▶ _Requirement_
What you write must match, character for character, the lines from the one with "These business cards" down to the one with "连接器末端的黑线(接地)连接罗盘板上的接地焊盘。这根线最靠近 APM 2.5" in the listing below, minus its pictures.

▶ _The input_

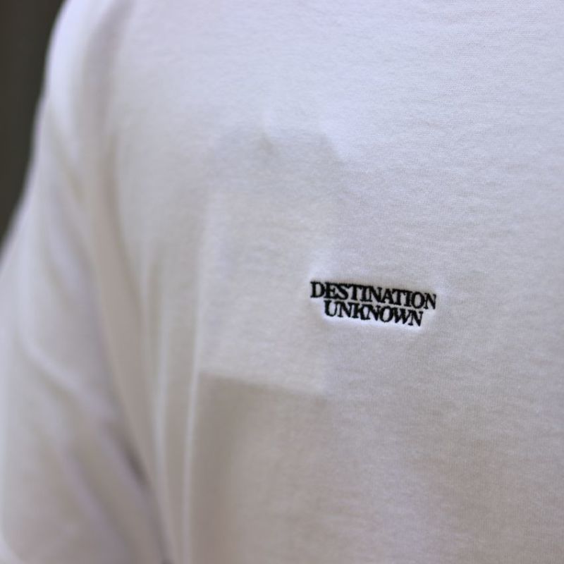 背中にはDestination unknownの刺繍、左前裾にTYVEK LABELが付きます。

* * *

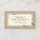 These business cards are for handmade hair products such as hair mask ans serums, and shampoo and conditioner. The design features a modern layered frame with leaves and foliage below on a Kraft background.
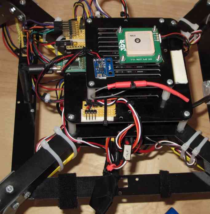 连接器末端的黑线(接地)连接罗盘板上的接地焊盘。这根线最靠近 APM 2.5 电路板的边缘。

▶ _Exercise response_
 These business cards are for handmade hair products such as hair mask ans serums, and shampoo and conditioner. The design features a modern layered frame with leaves and foliage below on a Kraft background.
 连接器末端的黑线(接地)连接罗盘板上的接地焊盘。这根线最靠近 APM 2.5 电路板的边缘。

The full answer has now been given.